• Directions: From the line that contains "では実際にSVO-03-MI" down to the last line of the data below, transcribe every line exactly.

——

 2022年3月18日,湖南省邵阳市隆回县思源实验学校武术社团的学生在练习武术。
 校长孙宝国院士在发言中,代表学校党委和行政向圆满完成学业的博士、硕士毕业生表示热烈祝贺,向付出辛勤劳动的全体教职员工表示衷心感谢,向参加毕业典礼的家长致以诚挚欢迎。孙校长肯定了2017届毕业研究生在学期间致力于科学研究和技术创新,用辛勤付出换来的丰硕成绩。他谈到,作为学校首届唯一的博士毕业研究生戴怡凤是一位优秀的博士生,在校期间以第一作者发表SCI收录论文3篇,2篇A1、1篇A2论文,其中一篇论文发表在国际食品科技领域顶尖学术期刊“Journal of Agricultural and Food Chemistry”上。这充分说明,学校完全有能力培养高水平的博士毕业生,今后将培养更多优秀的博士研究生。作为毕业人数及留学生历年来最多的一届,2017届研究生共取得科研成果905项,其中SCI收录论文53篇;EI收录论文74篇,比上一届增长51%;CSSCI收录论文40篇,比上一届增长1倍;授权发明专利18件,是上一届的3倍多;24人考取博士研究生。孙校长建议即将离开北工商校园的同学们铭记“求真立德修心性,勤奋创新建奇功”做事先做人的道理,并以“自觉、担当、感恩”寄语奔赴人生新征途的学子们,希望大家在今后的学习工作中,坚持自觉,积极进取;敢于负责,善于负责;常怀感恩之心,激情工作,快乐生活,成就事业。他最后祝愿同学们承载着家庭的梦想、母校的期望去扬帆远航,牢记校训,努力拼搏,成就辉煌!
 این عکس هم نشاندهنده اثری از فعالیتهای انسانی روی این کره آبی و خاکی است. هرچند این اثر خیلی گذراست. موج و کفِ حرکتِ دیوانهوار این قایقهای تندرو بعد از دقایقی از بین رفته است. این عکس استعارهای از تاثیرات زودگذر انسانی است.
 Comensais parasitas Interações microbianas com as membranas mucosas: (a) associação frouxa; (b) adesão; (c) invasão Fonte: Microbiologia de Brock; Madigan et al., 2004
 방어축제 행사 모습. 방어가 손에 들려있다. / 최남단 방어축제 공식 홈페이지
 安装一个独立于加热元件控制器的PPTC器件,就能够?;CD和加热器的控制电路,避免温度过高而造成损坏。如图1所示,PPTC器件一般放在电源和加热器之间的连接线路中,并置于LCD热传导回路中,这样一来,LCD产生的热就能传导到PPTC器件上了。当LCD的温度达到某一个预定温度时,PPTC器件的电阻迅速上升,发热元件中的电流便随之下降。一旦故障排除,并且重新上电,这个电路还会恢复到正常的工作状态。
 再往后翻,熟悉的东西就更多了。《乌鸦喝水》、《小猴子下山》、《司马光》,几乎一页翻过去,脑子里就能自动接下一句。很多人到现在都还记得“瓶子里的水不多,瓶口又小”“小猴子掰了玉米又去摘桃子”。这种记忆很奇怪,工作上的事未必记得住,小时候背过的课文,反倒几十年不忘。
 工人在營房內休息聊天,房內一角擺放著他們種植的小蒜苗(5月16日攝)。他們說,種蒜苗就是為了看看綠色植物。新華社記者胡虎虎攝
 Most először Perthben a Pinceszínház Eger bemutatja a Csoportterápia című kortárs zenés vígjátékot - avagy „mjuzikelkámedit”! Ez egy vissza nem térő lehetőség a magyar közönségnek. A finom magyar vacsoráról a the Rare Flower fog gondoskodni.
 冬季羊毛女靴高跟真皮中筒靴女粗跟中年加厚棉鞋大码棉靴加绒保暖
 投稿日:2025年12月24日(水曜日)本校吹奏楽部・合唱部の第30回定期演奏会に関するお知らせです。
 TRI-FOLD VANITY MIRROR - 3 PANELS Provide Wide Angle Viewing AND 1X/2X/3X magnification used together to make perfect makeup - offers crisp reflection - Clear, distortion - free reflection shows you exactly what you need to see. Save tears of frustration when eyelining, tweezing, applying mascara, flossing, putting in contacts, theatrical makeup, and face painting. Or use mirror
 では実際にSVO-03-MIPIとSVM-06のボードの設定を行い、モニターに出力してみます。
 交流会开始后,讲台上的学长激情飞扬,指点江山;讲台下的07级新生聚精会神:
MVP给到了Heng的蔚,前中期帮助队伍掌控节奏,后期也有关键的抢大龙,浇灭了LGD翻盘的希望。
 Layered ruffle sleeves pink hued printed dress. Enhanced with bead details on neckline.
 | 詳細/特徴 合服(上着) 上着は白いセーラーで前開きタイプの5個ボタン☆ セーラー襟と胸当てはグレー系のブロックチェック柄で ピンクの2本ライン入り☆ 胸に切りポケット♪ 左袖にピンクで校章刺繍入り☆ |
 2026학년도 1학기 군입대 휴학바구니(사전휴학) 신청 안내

——

• Written answer:
 では実際にSVO-03-MIPIとSVM-06のボードの設定を行い、モニターに出力してみます。
 交流会开始后,讲台上的学长激情飞扬,指点江山;讲台下的07级新生聚精会神:
MVP给到了Heng的蔚,前中期帮助队伍掌控节奏,后期也有关键的抢大龙,浇灭了LGD翻盘的希望。
 Layered ruffle sleeves pink hued printed dress. Enhanced with bead details on neckline.
 | 詳細/特徴 合服(上着) 上着は白いセーラーで前開きタイプの5個ボタン☆ セーラー襟と胸当てはグレー系のブロックチェック柄で ピンクの2本ライン入り☆ 胸に切りポケット♪ 左袖にピンクで校章刺繍入り☆ |
 2026학년도 1학기 군입대 휴학바구니(사전휴학) 신청 안내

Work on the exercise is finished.